Arch Biopartners Inc. ('Arch' or the 'Company') (TSX Venture: ARCH and OTCQB: ACHFF), a clinical stage company developing new drug candidates for treating organ damage caused by inflammation, today announced that it has chosen its first U.S. clinical site for the Phase II trial of its lead drug LSALT peptide (Metablok). Broward Health Medical Center (BHMC) in Florida has agreed to participate in the trial and begin enrolling patients following internal review board approval, which is expected during the month of August 2020.
The Phase II trial will be a multicenter, randomized, double-blind, placebo-controlled, proof of concept study of LSALT peptide as prevention of organ inflammation known to trigger acute respiratory distress syndrome (ARDS) and acute kidney injury (AKI) in patients infected with SARS-CoV-2 (COVID-19). BHMC will be among other hospitals in the United States, and elsewhere, that will enroll a total of sixty patients into the trial.

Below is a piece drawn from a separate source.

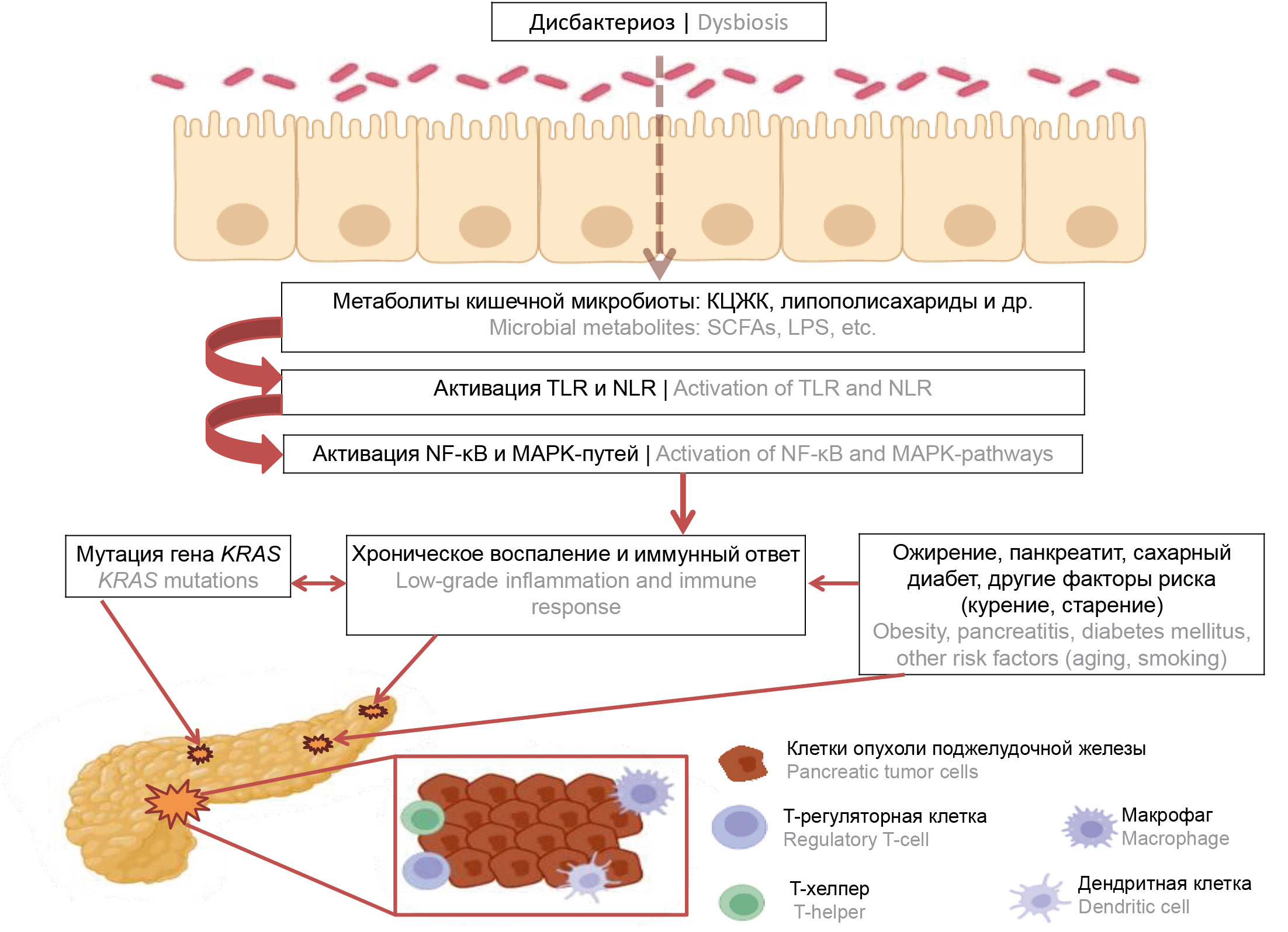 Активация Toll-подобных и Nod-подобных рецепторов микробными молекулярными паттернами поддерживает хроническое воспаление поджелудочной железы и вызывает активацию сигнальных путей NF-κB и MAPK, что способствует развитию панкреатита и канцерогенезу [37]. Механизмы, посредством которых кишечная микробиота влияет на развитие рака поджелудочной железы, представлены на рис. 3.

The composite primary endpoint of the phase II trial reflects the severe effects often experienced by hospitalized COVID-19 patients and deemed appropriate for LSALT peptide’s novel mechanism of action in blocking consequential inflammation in the lungs and kidneys.
The Phase II results will be used to design a larger Phase III trial, including patient numbers and optimal drug dosing. The completion of the current phase II trial will depend on the ongoing COVID-19 outbreak and number of hospitalized patients at risk of ARDS and AKI.

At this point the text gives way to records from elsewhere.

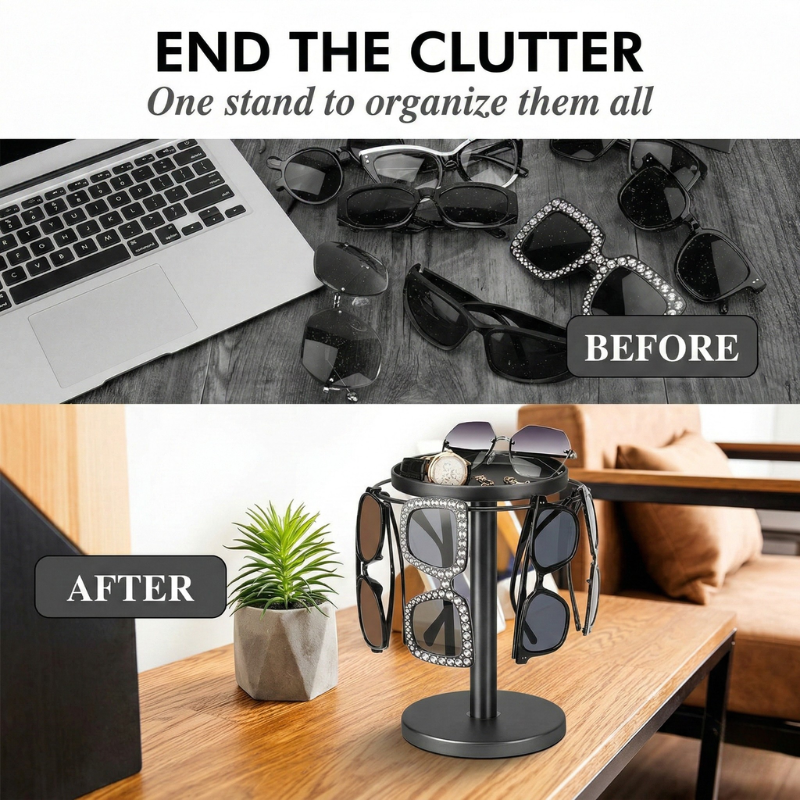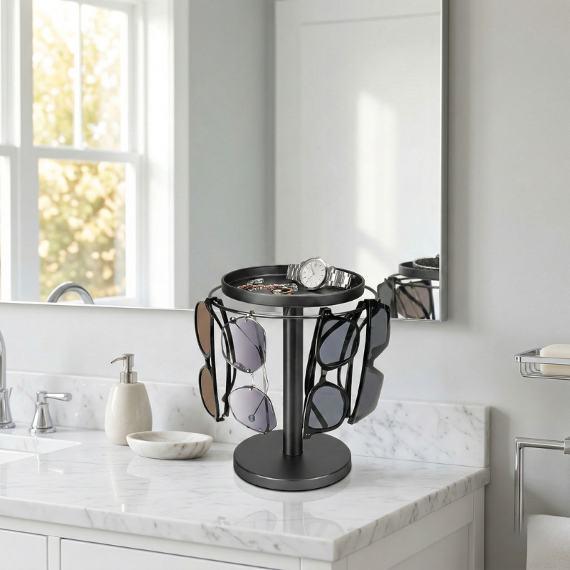 That small frustration you feel every morning — scanning your dresser for the right pair, wondering where your sunglasses disappeared to — it adds up. And it makes your space look more cluttered than it should.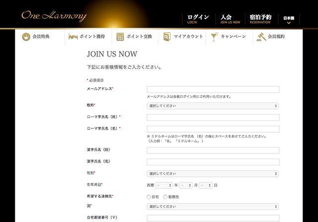 One Harmony公式ページより入会登録をします。※既にOne Harmony会員の方は、ステップ3に進んでください。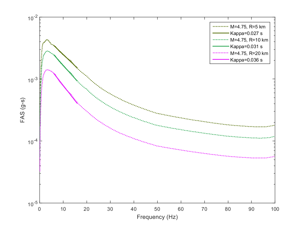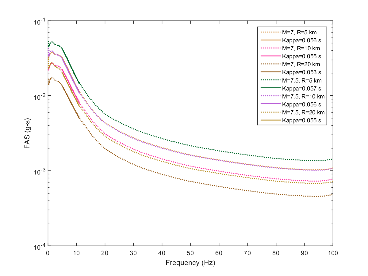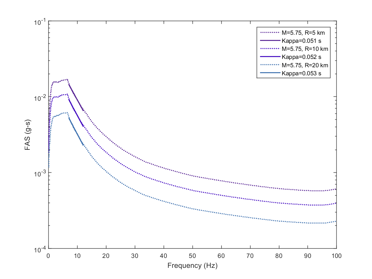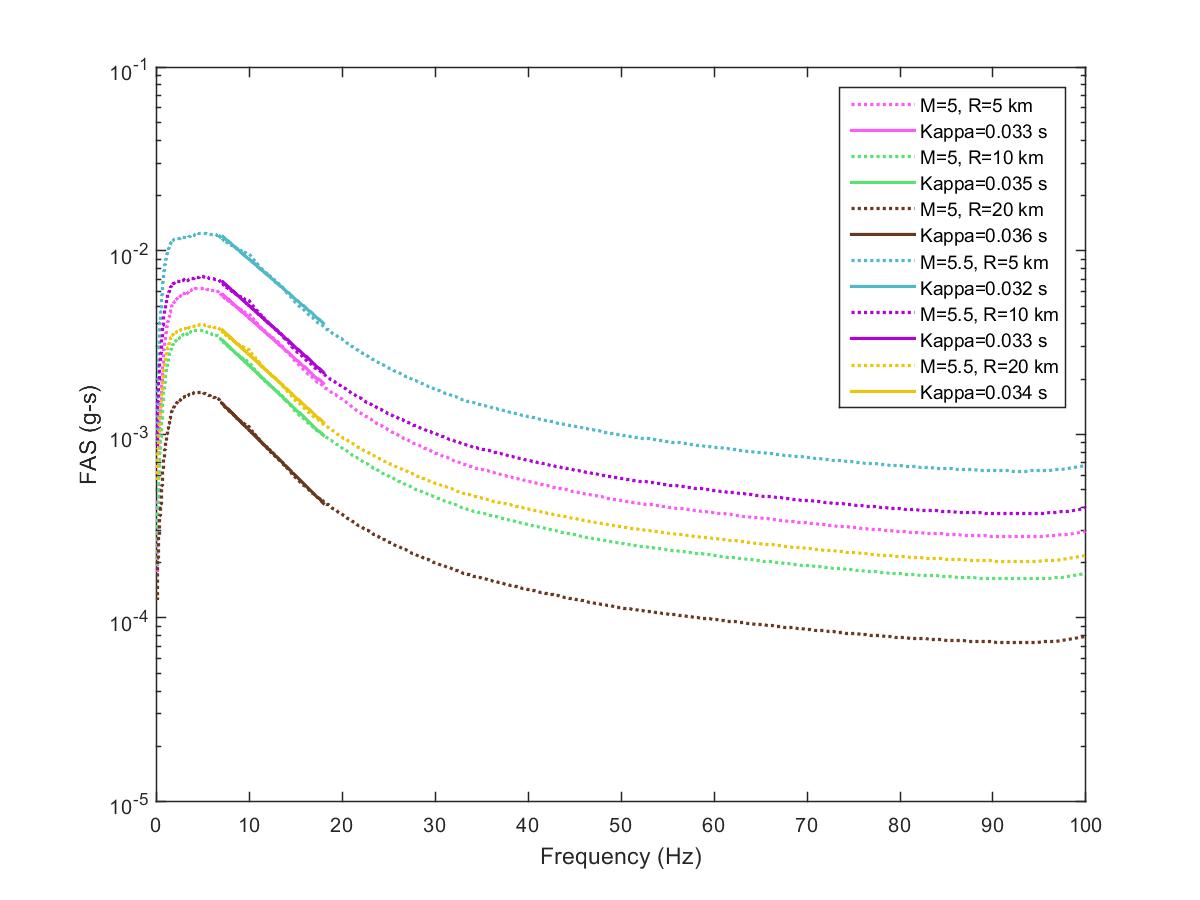 This electronic supplement contains the plots of the Fourier amplitude spectra (FAS) derived from the pseudoacceleration response spectra (PSA) predicted from the Next Generation Attenuation-West2 project (NGA-West2) ground-motion prediction equations (GMPEs) by inverse random vibration theory (IRVT), along with the range of frequencies used to determine κ0. The FAS plots are provided for individual NGA-West2 GMPEs and for the geometric mean of NGA-West2 GMPEs with and without the Boore et al. (2014) GMPE (BSSA14). The estimated κ0 for geometric mean of NGA-West2 GMPEs with and without BSSA14 are provided in this electronic supplement, as are the random-effects results for models 1–4, discussed in the main article.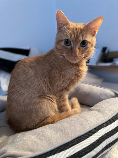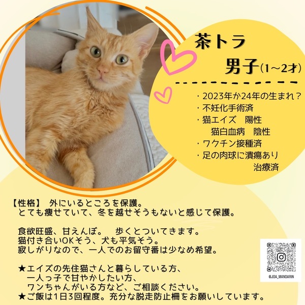 | 特徴(性格など) | 【中毛茶トラ】 食欲旺盛甘えん坊の約1〜2歳の男の子です。 保護経過2ヶ月超 出会った時から人見知りをせず、直ぐに肩の上に乗ってきたほど警戒心がありません。 甘えて甘噛みをする時があります。 歩くと着いてきます。 落ち着いている時に爪切りもさせてくれます。 寂しがりなので猫同士、犬も大丈夫そうです。 留守が少ない方、2匹以上の飼育希望です。 (FIV陽性をご理解の上) 膝の上、胸の上、肩の上や色んなところでお腹を出して甘えます。 -------------------------------------------------------------------- ガリガリだったため食事は1日3回にしています。 |

COVID-19 is the disease caused by the novel coronavirus SARS-CoV-2 that emerged in China in late 2019. Severe complications from COVID-19 are in large part due to excessive host immune responses to the virus that result in progressive lung inflammation and acute respiratory distress syndrome that often requires mechanical ventilation and critical care1. Patients with severe COVID-19 also experience multiple organ dysfunction including acute kidney injury, liver dysfunction, cardiac failure, and blood abnormalities. Currently, no approved vaccine or effective antiviral drug exists for SARS-CoV-2. Treatment of severe COVID-19 has been primarily supportive, relying heavily on respiratory, infectious disease and critical care medicine.
Survival rates and health care system capacity could both be improved with new treatments that prevent the severe manifestations of COVID-19, such as worsening lung inflammation (ARDS) and AKI experienced by patients infected with SARS-CoV-2.